Breathing tests



The aim of this page is to explain why you have been asked to do a breathing test, and to help you prepare for it.

Our lungs are very complicated. When they stop working properly, this can be for a number of different reasons. There are various tests to find out what is happening in your lungs.

The different types of breathing tests are to check:

  • How well we can breathe in and out
  • How well our lungs are doing their job: getting oxygen into our blood, and carbon dioxide out
  • How exercise affects our lungs
  • How medication affects our lungs
  • What happens when we’re asleep

Sometimes, you will have a combination of tests. And sometimes, one test will check for a number of different things.

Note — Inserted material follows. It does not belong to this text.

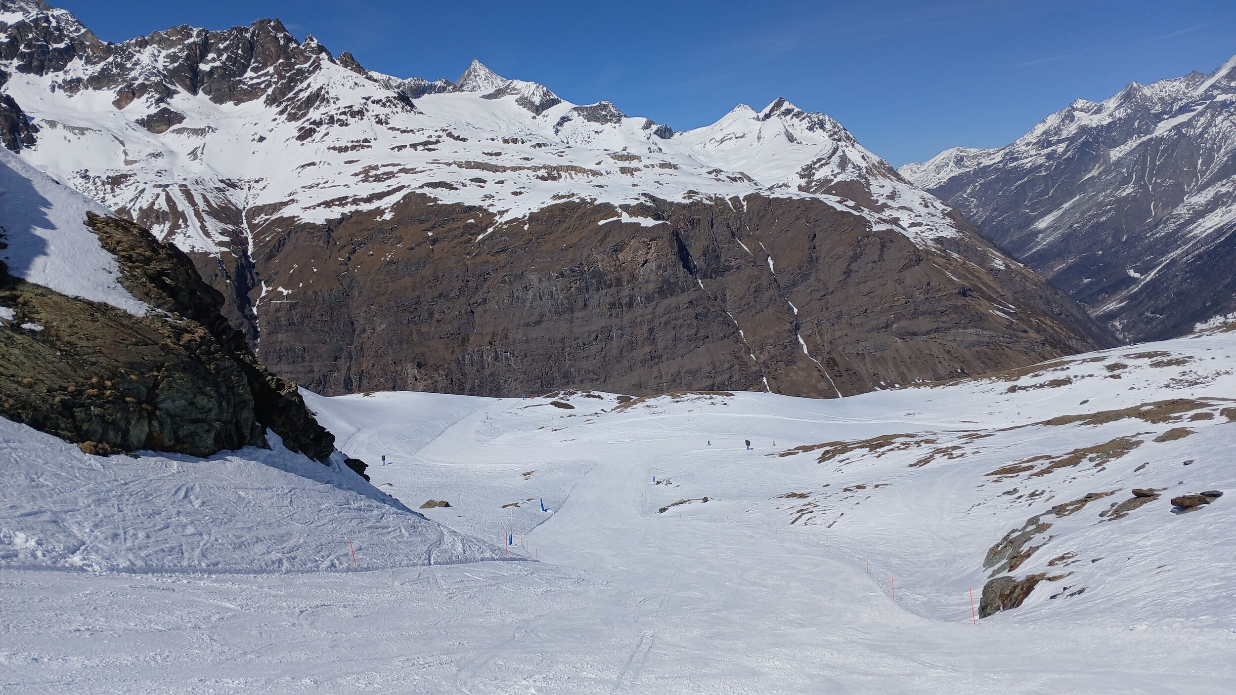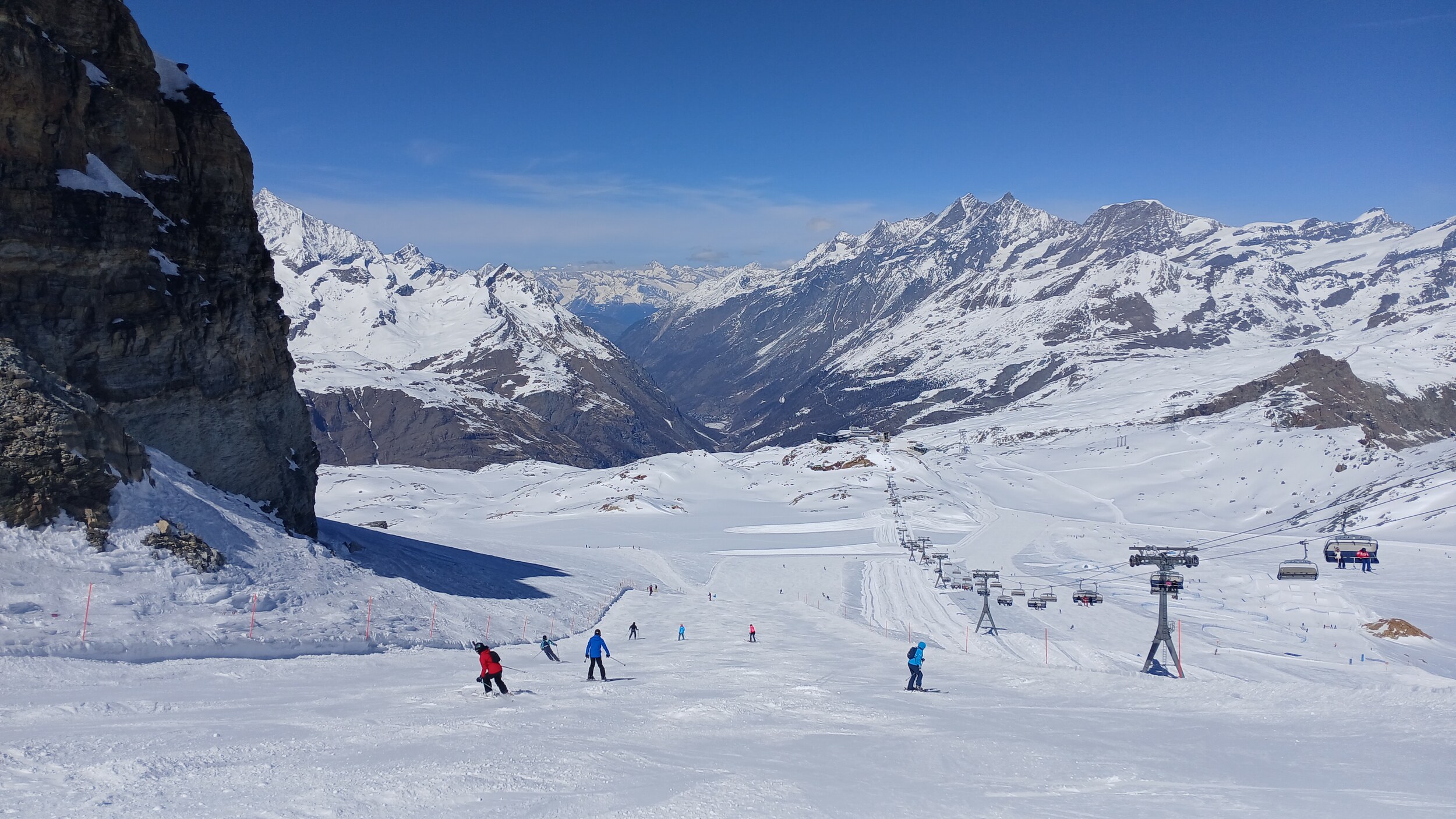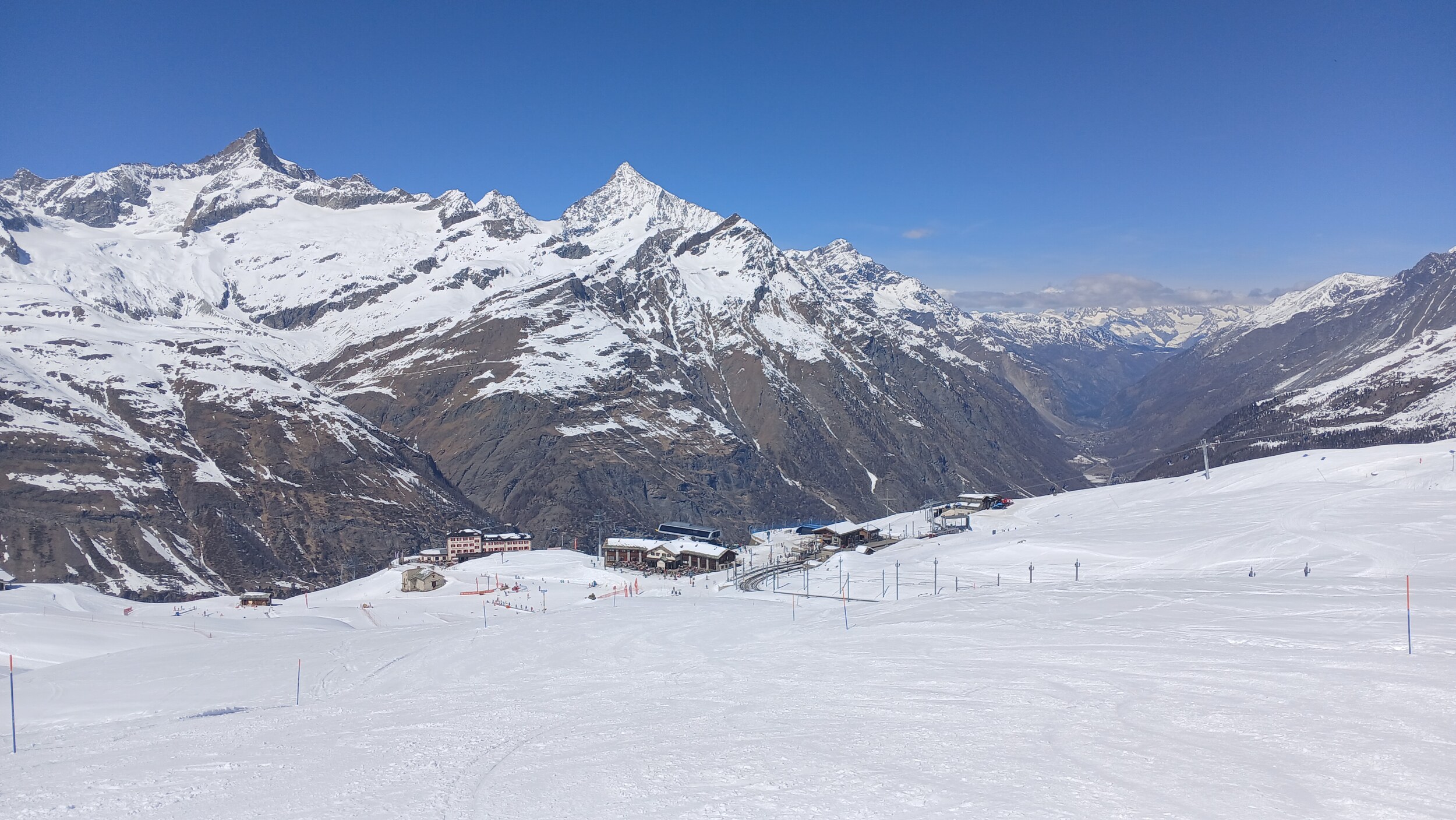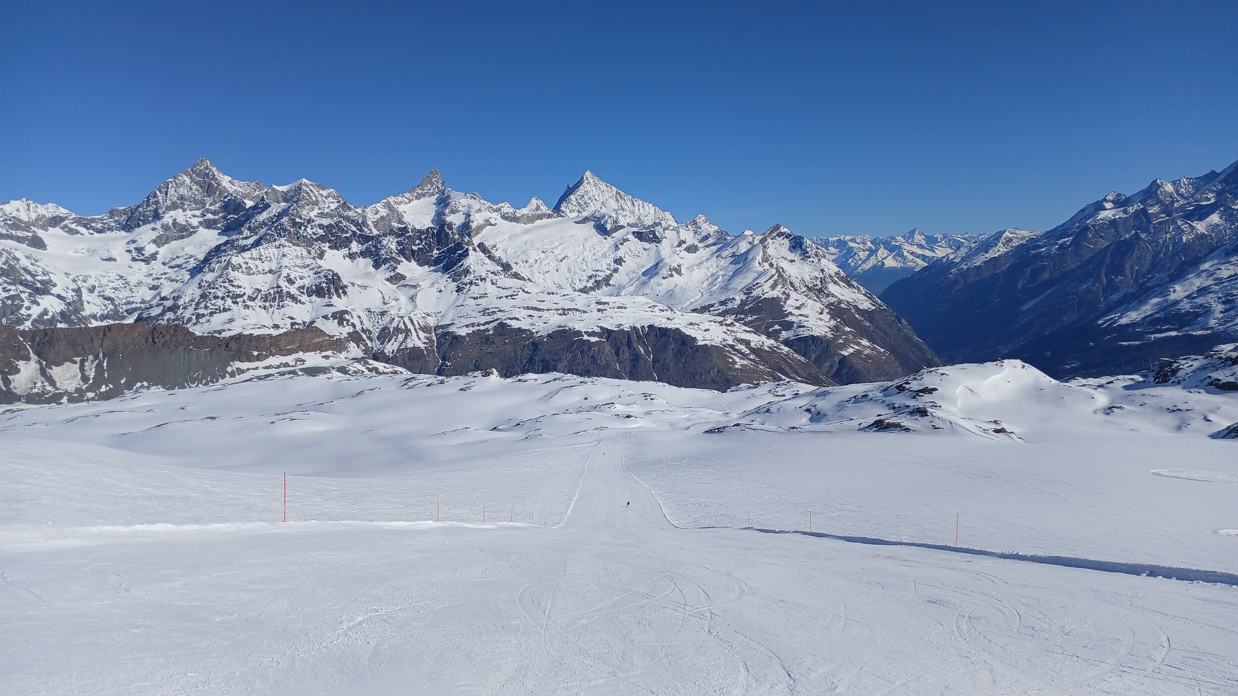 Die Pisten hier sind aber recht flach. Der Sommerskibetrieb dürfte eher langweilig sein und ich würde behaupten, dass die Zermatter Bergbahnen in nicht all zu ferner Zukunft Probleme bekommen, überhaupt noch ein ausreichendes Gefälle anzubieten, um alle Relationen aufrecht zu erhalten

Breathing tests are different from other tests in one main way – you have to do some of the work! You’ll probably have to blow into a machine, or take some light exercise. But the tests are painless and will do you no harm.

This page aims to give you an idea of:

  • What the different breathing tests are for
  • What you have to do
  • What questions you might ask about your test
  • How you can prepare for a test.

Types of tests

Lung function tests

These are tests to see how well you can breathe in and out.

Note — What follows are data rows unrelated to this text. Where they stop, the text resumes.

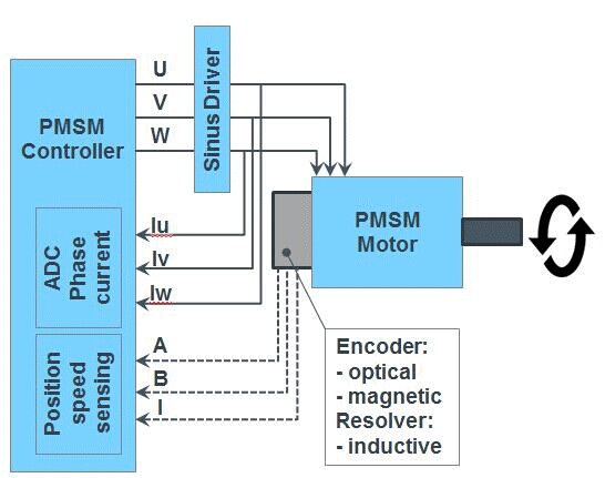 圖1:一個無刷直流電機控制系統(tǒng)需要通過磁性位置傳感器(通常用于汽車領(lǐng)域)或光學(xué)位置在多數(shù)高端應(yīng)用中,無刷直流電動機正在被永磁同步電動機(PMSM)所取代。永磁同步電動機代替了無刷直流電動機中受轉(zhuǎn)矩脈動影響的模塊換相方案,而且能在線圈之間自如切換,減少振動,獲得更高的效率。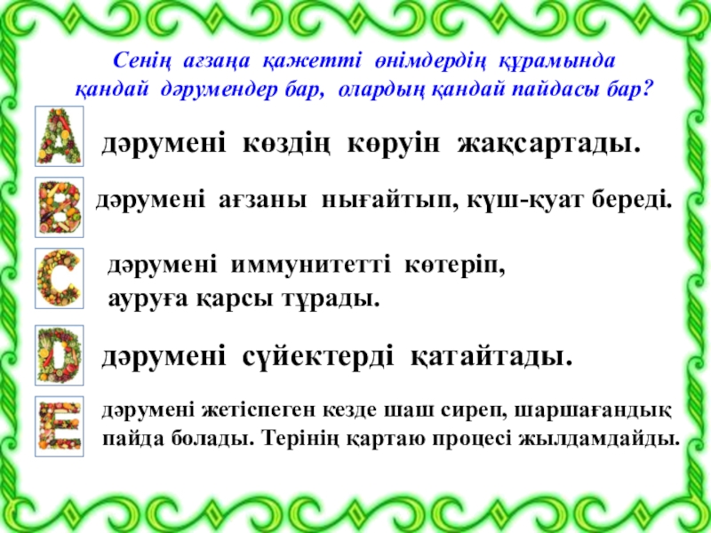 дәрумені ағзаны нығайтып, күш-қуат береді.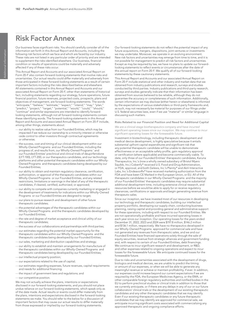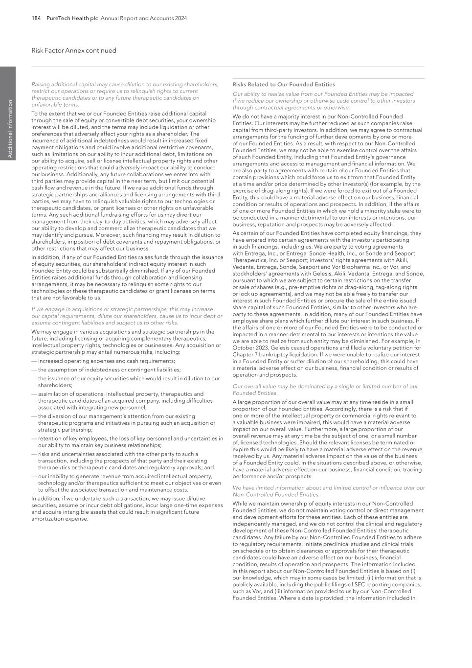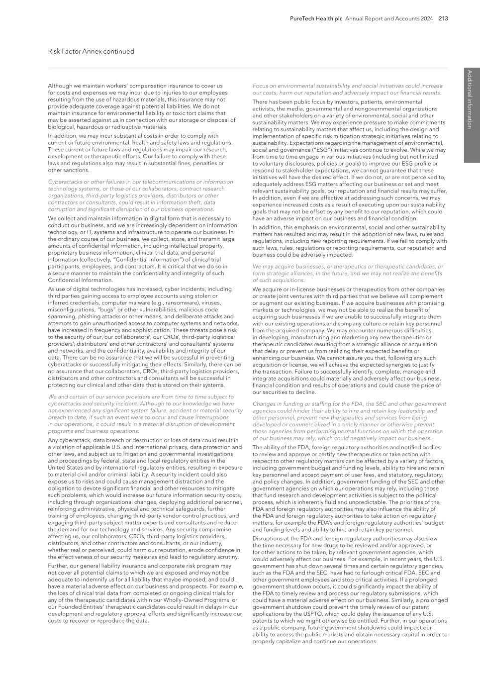 PureTech Health plc Annual Report and Accounts 2024 213 Risk Factor Annex continued A d d itio nal info rm atio n Focus on environmental sustainability and social initiatives could increase our costs, harm our reputation and adversely impact our financial results. There has been public focus by investors, patients, environmental activists, the media, governmental and nongovernmental organizations and other stakeholders on a variety of environmental, social and other sustainability matters. We may experience pressure to make commitments relating to sustainability matters that affect us, including the design and implementation of specific risk mitigation strategic initiatives relating to sustainability. Expectations regarding the management of environmental, social and governance (“ESG”) initiatives continue to evolve. While we may from time to time engage in various initiatives (including but not limited to voluntary disclosures, policies or goals) to improve our ESG profile or respond to stakeholder expectations, we cannot guarantee that these initiatives will have the desired effect. If we do not, or are not perceived to, adequately address ESG matters affecting our business or set and meet relevant sustainability goals, our reputation and financial results may suffer. In addition, even if we are effective at addressing such concerns, we may experience increased costs as a result of executing upon our sustainability goals that may not be offset by any benefit to our reputation, which could have an adverse impact on our business and financial condition. In addition, this emphasis on environmental, social and other sustainability matters has resulted and may result in the adoption of new laws, rules and regulations, including new reporting requirements. If we fail to comply with such laws, rules, regulations or reporting requirements, our reputation and business could be adversely impacted. We may acquire businesses, or therapeutics or therapeutic candidates, or form strategic alliances, in the future, and we may not realize the benefits of such acquisitions. We acquire or in-license businesses or therapeutics from other companies or create joint ventures with third parties that we believe will complement or augment our existing business. If we acquire businesses with promising markets or technologies, we may not be able to realize the benefit of acquiring such businesses if we are unable to successfully integrate them with our existing operations and company culture or retain key personnel from the acquired company. We may encounter numerous difficulties in developing, manufacturing and marketing any new therapeutics or therapeutic candidates resulting from a strategic alliance or acquisition that delay or prevent us from realizing their expected benefits or enhancing our business. We cannot assure you that, following any such acquisition or license, we will achieve the expected synergies to justify the transaction. Failure to successfully identify, complete, manage and integrate acquisitions could materially and adversely affect our business, financial condition and results of operations and could cause the price of our securities to decline. Changes in funding or staffing for the FDA, the SEC and other government agencies could hinder their ability to hire and retain key leadership and other personnel, prevent new therapeutics and services from being developed or commercialized in a timely manner or otherwise prevent those agencies from performing normal functions on which the operation of our business may rely, which could negatively impact our business. The ability of the FDA, foreign regulatory authorities and notified bodies to review and approve or certify new therapeutics or take action with respect to other regulatory matters can be affected by a variety of factors, including government budget and funding levels, ability to hire and retain key personnel and accept payment of user fees, and statutory, regulatory, and policy changes. In addition, government funding of the SEC and other government agencies on which our operations may rely, including those that fund research and development activities is subject to the political process, which is inherently fluid and unpredictable. The priorities of the FDA and foreign regulatory authorities may also influence the ability of the FDA and foreign regulatory authorities to take action on regulatory matters, for example the FDA’s and foreign regulatory authorities’ budget and funding levels and ability to hire and retain key personnel. Disruptions at the FDA and foreign regulatory authorities may also slow the time necessary for new drugs to be reviewed and/or approved, or for other actions to be taken, by relevant government agencies, which would adversely affect our business. For example, in recent years, the U.S. government has shut down several times and certain regulatory agencies, such as the FDA and the SEC, have had to furlough critical FDA, SEC and other government employees and stop critical activities. If a prolonged government shutdown occurs, it could significantly impact the ability of the FDA to timely review and process our regulatory submissions, which could have a material adverse effect on our business. Similarly, a prolonged government shutdown could prevent the timely review of our patent applications by the USPTO, which could delay the issuance of any U.S. patents to which we might otherwise be entitled. Further, in our operations as a public company, future government shutdowns could impact our ability to access the public markets and obtain necessary capital in order to properly capitalize and continue our operations. Although we maintain workers’ compensation insurance to cover us for costs and expenses we may incur due to injuries to our employees resulting from the use of hazardous materials, this insurance may not provide adequate coverage against potential liabilities. We do not maintain insurance

When you arrive, the tester will measure your weight and height. If they can’t measure your height (if you are in a wheelchair, for example), they will measure your arm span – this gives them a guide to your height.

For the tests, you will need to blow into a machine. With some machines, you blow into a tube; for others, you put a mouthpiece in your mouth, like a snorkel, and then blow. You will usually have to do this several times – but the tester will not rush you.

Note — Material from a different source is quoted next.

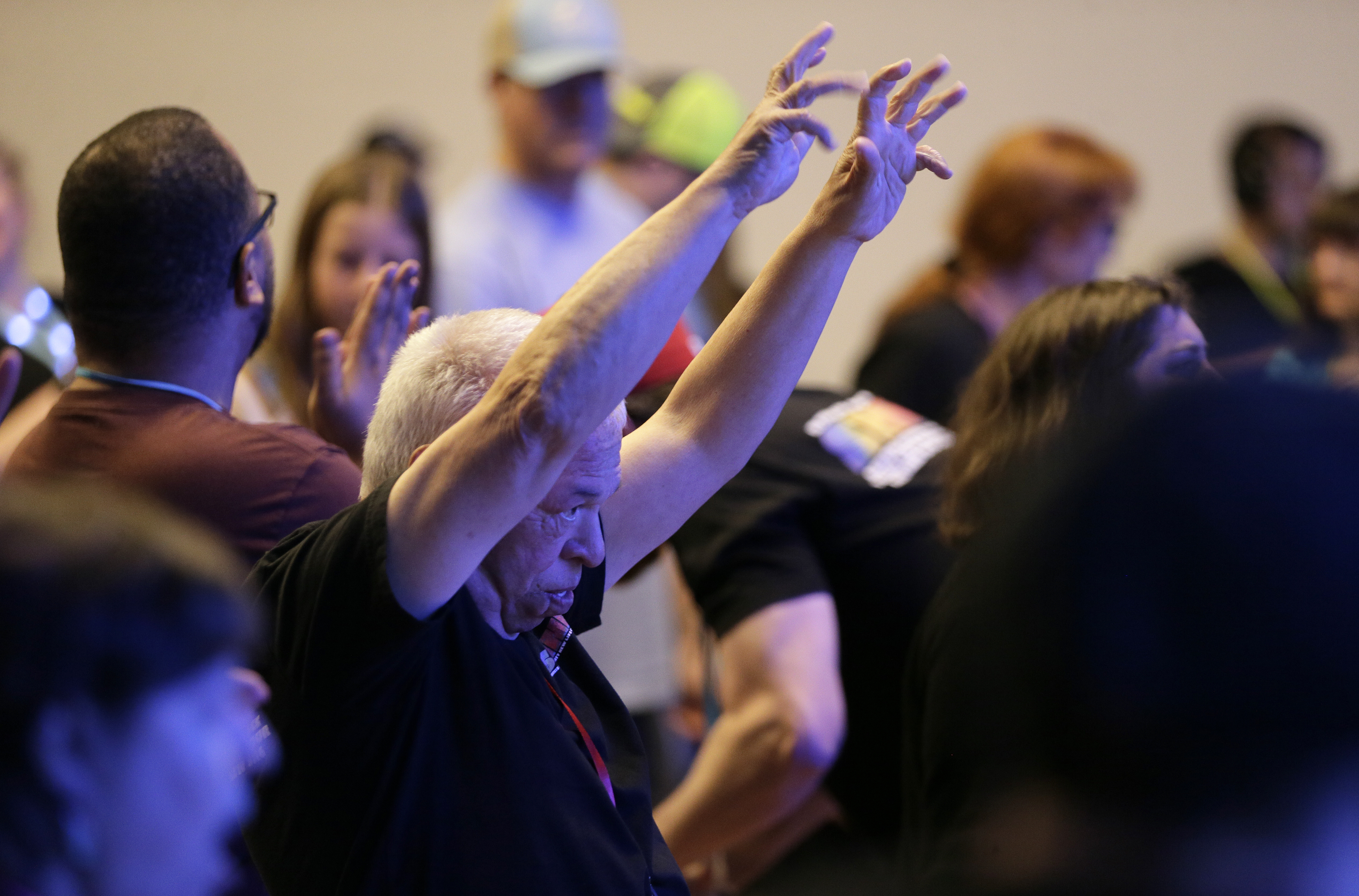 Image Description: An older man with white hair raises his arms amidst a group of people indoors, some appearing to be engaged or observing, with a blurred background.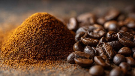 ground aromatic fragrant coffee with spoon texture macro beans background

If you are breathing through your nose, and this is affecting your breathing test, you may be asked to wear a nose-clip.

If you wear dentures and they’re loose, then you might need to take them out when you blow into the machine.

Occasionally, the tester might ask you to sit in a booth, which looks a bit like a small see-through shower cubicle. The door will be closed and the test will be done while you sit inside. This will help your tester get more detailed results.

The tests should take between 30 minutes and one hour. But if you are very breathless, they may take longer. You won’t be rushed through.

Peak flow and spirometry tests
The most common types of breathing tests are peak flow, which is measured by a peak flow meter, and spirometry, which is measured by a spirometer.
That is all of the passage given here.